Baltikum - en status

Med denne overskrift vil tidsskriftet bringe en status for de tre baltiske republikker med en artikel fra en lette samt vore militærattachéer i området. Den første artikel er et lettisk synspunkt, der er skrevet af direktøren for Det Lettiske Institut for Internationale Forhold, Artis Lejins. Artiklen er skrevet i begyndelsen af april 1994, hvor der atter i den russiske debat havde været stillet spørgsmål ved Letlands selvstændighed.


Latvia's present security question number one
After two torturous years of negotiations Russia and Latvia reached an agreement on March the 15 on the treaty setting the final date on the Russian troop withdrawal from Latvia. The date is August 31 of this year (previously Latvia had demanded that Russian troops must leave by December 31 of 1993). Some 10-12.000 Russian troops are still left in Latvia. Three weeks later, on April the 5, president Yeltsin surprised Latvia, and probably meny Western capitals involved with the Russian troop withdrawal from the the Baltic states, with a instruction that Russia should start negotiations with CIS countries and the Latvian Republic on the establishment of Russian military bases on their territory in order to secure Russia's and the respective country's security, as well as to test new weapons and military technology. Tiiis created an uprour in Latvia which has put the treaty agreement reached with Russia on ice, despite Moscows's protestations that including Latvia in the instruction was "technical mistake". The Russian ambassador in Latvia Alexander Rannich apologized to Latvia and at a press conference agreed that this incident is an international scandal. However, the Latvian government has announced that it awaits an official retraction from president Yeltsin (i.e. on the same level on which the instruction was issued) and demanded a high level meeting of both sides to discuss the situation. The Latvian government is not satisfied with the statement by Russia's foreign minister Andrej Kozirev that neither he nor the defence minister Pavel Grachev were involved in the formulation of the instruction. There has been no explanation to how this "technical mistake" came about and presently contradictory information has been recieved in Latvia on what the Russian foreign ministry intends to do: it has both said that it will detract the instruction with regard to Latvia, and not to do it. Instead it will try to find out how this mistake came about. The leader of the Russian delegation Sergej Zotov has acknowledged that the idea to establish a military base is a "tremendous mistake" and that Latvia appeared in the instruction by mistake.
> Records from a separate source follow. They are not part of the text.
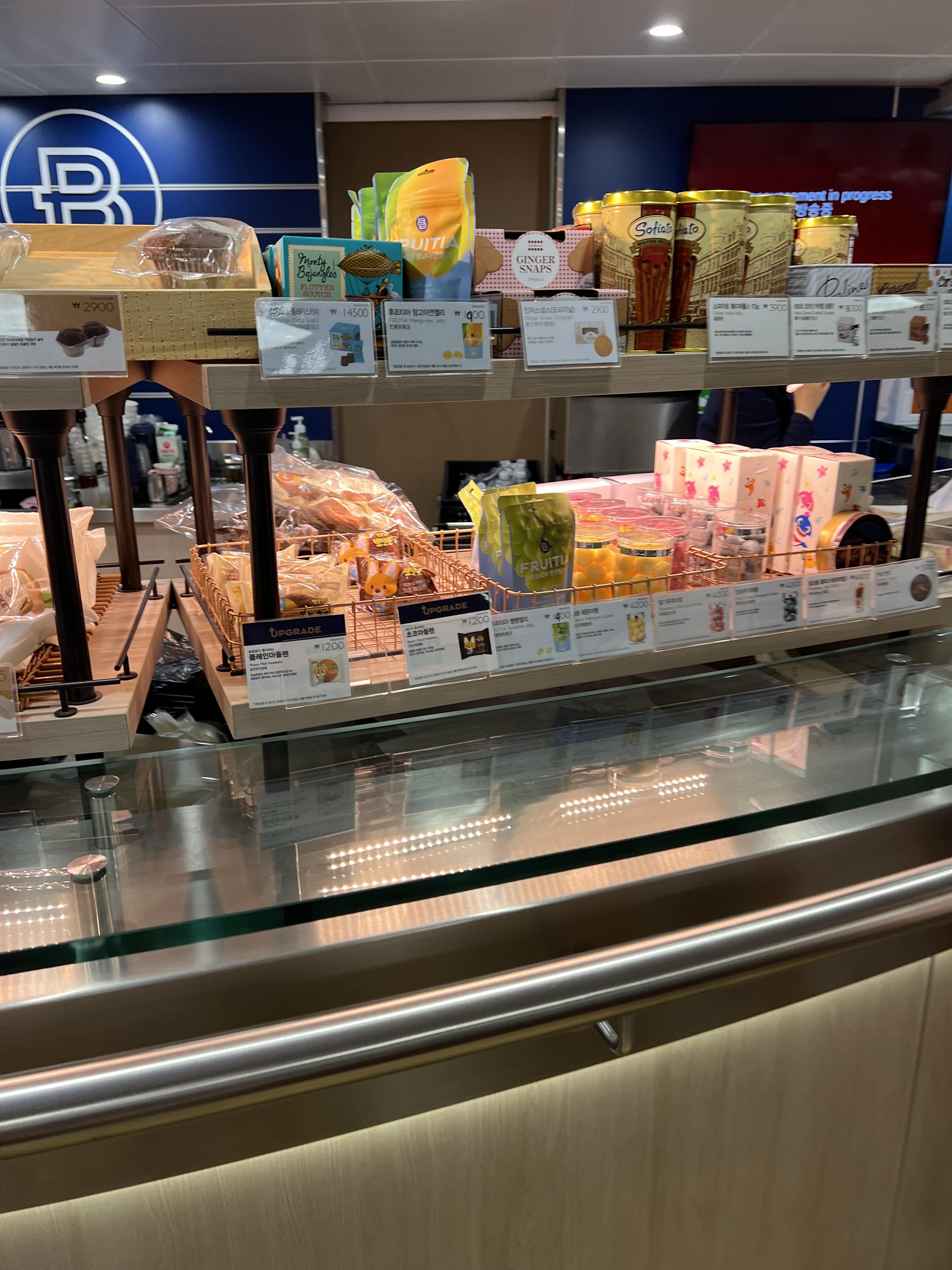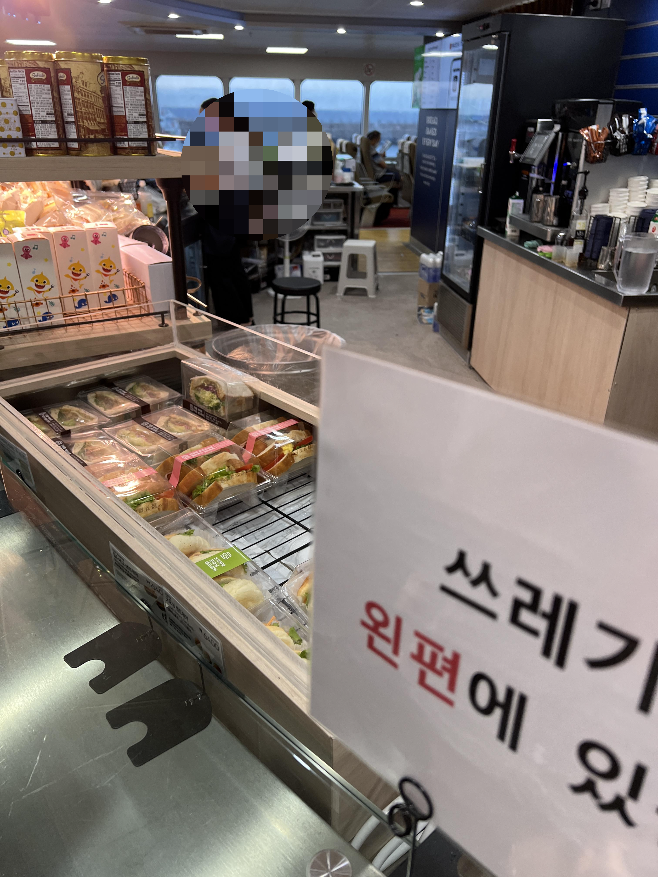 산타모니카 중간엔 이렇게 파리바게트가 있어서 빵을 구입할수도 있고 샌드위치, 커피 음료도 먹을 수 있어요. 근데 이 파라바게트 바로 앞자리가 바로 이코노미 좌석이 있어서 잘못 좌석을 선택하면 파리바게트뷰로 2시간을 가야 하는거죠.
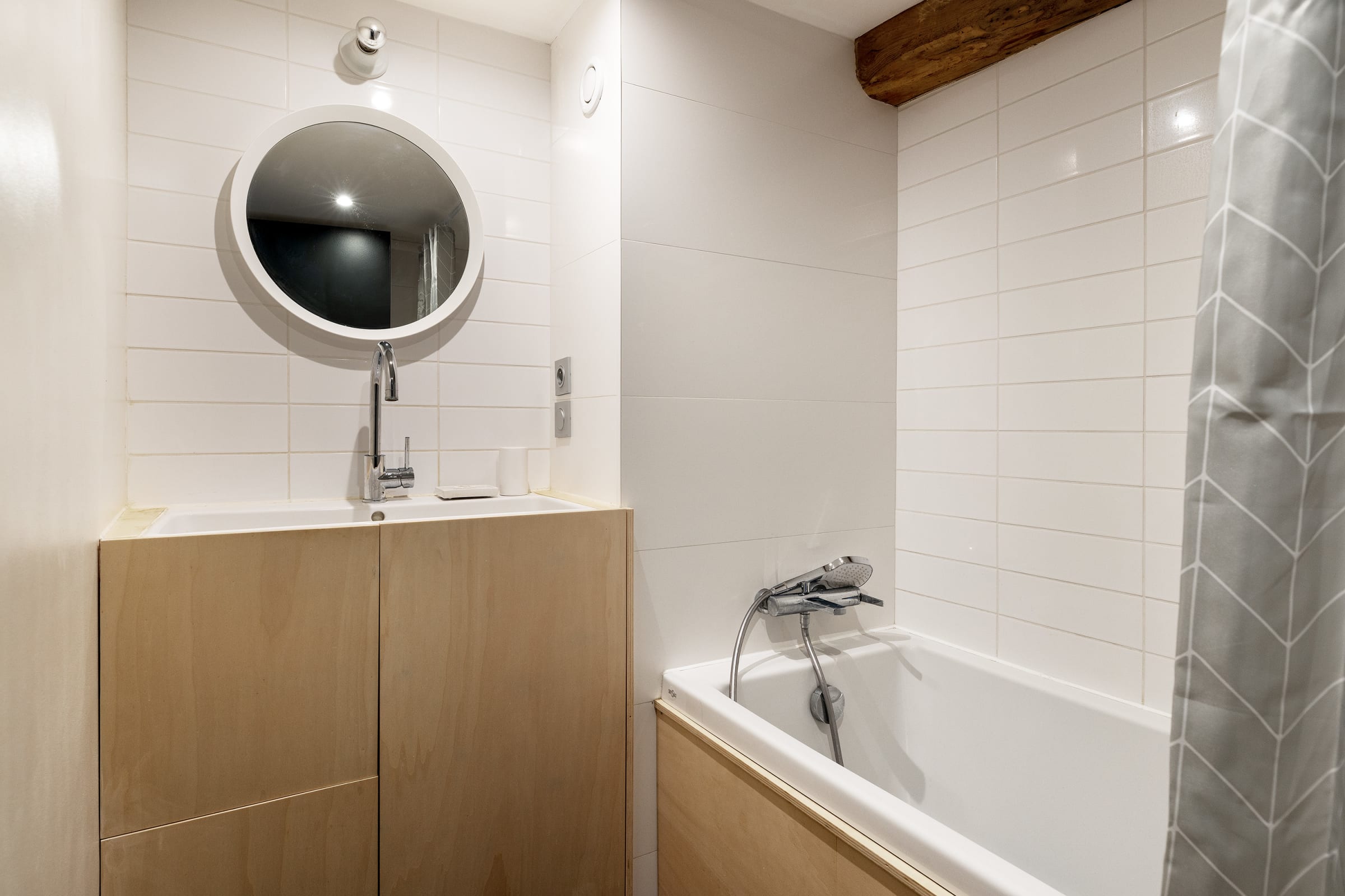 - une salle de bain avec baignoire,
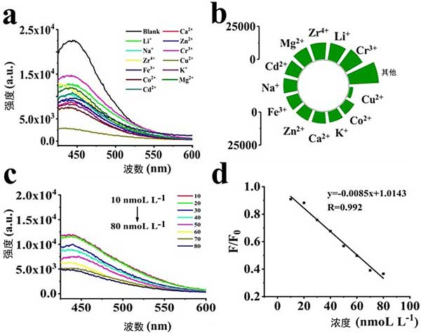 圖2:(a)12種金屬離子的納米活性炭點的熒光發射光譜,(b)360nm處的熒光強度,(c)不同濃度Cu2+的熒光發射光譜,(d)Cu2+檢測的線性曲線。
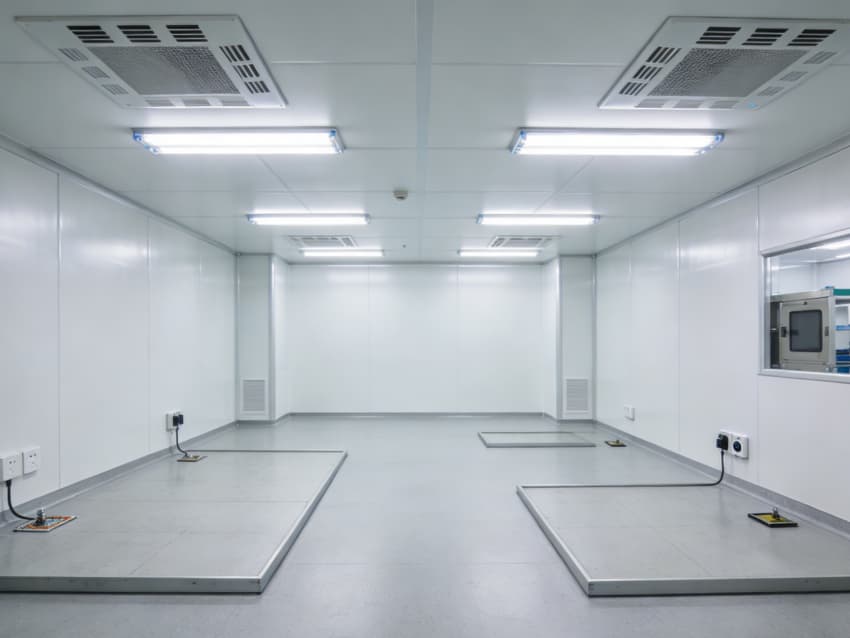 核心施工工藝,嚴控潔凈與防護性能。圍護結構選用0.8mm厚工業級抗菌彩鋼板,芯材采用防火保溫巖棉,拼接處用專用潔凈密封膠滿填,膠縫寬度3-5mm無氣泡、無開裂,墻角做≥50mm圓弧處理,避免微粒堆積與清潔死角。地面采用無縫防靜電環氧自流平,表面電阻控制在10?-10?Ω,平整度誤差≤2mm,耐磨損、易消殺,同時鋪設防靜電接地系統,杜絕靜電損壞精密顯示組件;墻面、吊頂光滑平整,無揚塵、無脫落,適配高頻消殺需求。
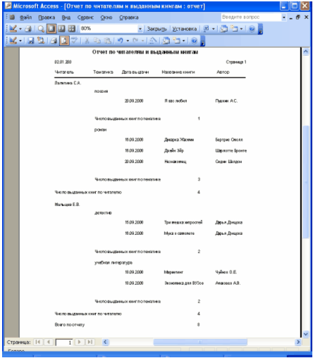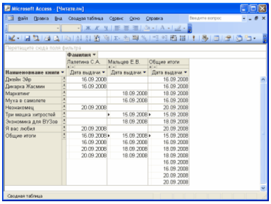 Рис. 4.14 Форма «Сводная таблица по читателям и выданным книгам» при выполнении

What is one to make of this situation? Can such mistake occur at the highest level of a superpower with hundreds of years of experience and routine in its relations with foreign contries? On the other hand Andrej Kozirev only few days earlier acknowledged on Russian television that the treaty between Russia and Latvia indeed will be signed and in general there are no human rights violations in Latvia. Is it possible that there is no longer coordination between the highest echelons of power in Moscow on foreign pohcy? If so this is no longer a problem for Latvia alone but for the world in general. One thesis that has been is that the "technical mistake" was a trial balloon to test the will of the Latvian government, but this has to be discarded: the reaction of the Latvian government and people on the question on Russian military bases in Latvia has always been clear, that is, a categorical "no". The experience Latvia has had with Russian bases in Latvia in 1939, which led to the end of Latvian independence in 1940, is a lesson to last for several generations.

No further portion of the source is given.